Attending Burning Man was the most transformative experience I have ever had. As someone who is obsessed with art, Burning Man is the dedicated global space to showcase the most exciting ideas in experiential, interactive art. In this art world, the traditional rules of museum decorum do not apply – the art is often ephemeral, designed to be played with, or set on fire. The element of danger and intrigue is ever present and essential to experiencing the works. Many people think of Burning Man is a drug-infested music festival. In reality, Burning Man is the world’s largest dedicated, immersive social experiment. Participants in this experiment participate in experiential and revolutionary ideas that are currently driving a global cultural shift.
The new No Spectators: The Art of Burning Man show at the Renwick exhibits work by deeply respected, longstanding artists such as David Best as well as works by younger teams of artists in Foldhaus, who are expanding the boundaries of robotics, sensor, and light technology. Imagination adventurers like HYBYCOZO (aka, the Hyperspace Bypass Construction Zone) build elaborate paths to the otherworldly through geometric polyhedral designs transforming in light. The works are awe-inspiring and wondrous. The art of Burning Man is obsessed with pushing the boundaries of experience and imagination.

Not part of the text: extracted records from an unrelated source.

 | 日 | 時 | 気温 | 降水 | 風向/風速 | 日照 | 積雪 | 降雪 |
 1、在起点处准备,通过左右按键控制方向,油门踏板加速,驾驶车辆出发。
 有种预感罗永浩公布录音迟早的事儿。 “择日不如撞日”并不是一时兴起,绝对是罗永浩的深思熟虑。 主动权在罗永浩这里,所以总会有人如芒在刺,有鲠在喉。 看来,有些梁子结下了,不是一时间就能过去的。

Science and engineering are no longer disciplines, but tools to create unique art and spaces for experiencing joy and discovery.

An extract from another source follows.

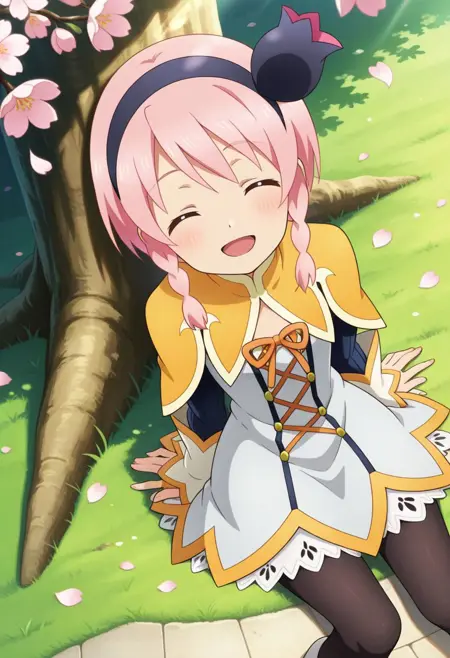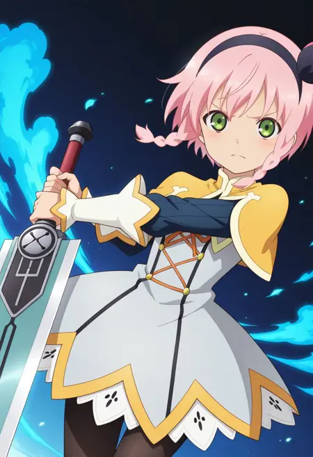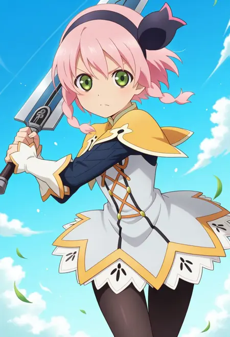 kanonnop, pink hair, short hair, side braids, headband, dress, long sleeves, white gloves, elbow gloves, capelet, laced dress, pantyhose, yellow shoes,

During last Thursday’s opening party, attendees from around the world gathered to celebrate the show – it was an Oscars celebration of sorts for leaders, creative designers, engineers, makers and patrons. Unlike the elite gatherings of Washington, D.C. featuring political donors, politicians and the occasional television celebrity, the celebrity of Burning Man are very different. Attendees were adorned in handmade, futuristic costumes and dove quickly and deeply into conversations sharing meaningful experiences with the art. I spent five minutes in a hug with a perfect stranger at the end of the night as we shared a mutual love for our shared value of expression. The Renwick show marks a major milestone of our counterculture being considered by mainstream culture. It was strange to see this community outside of the playa, but it’s an indication of the power of art to instill curiosity and offer space to challenge prevailing norms. However there are important parts of Burning Man that you won’t see at this exhibit. As someone who loves Burning Man, several distinct differences stand out.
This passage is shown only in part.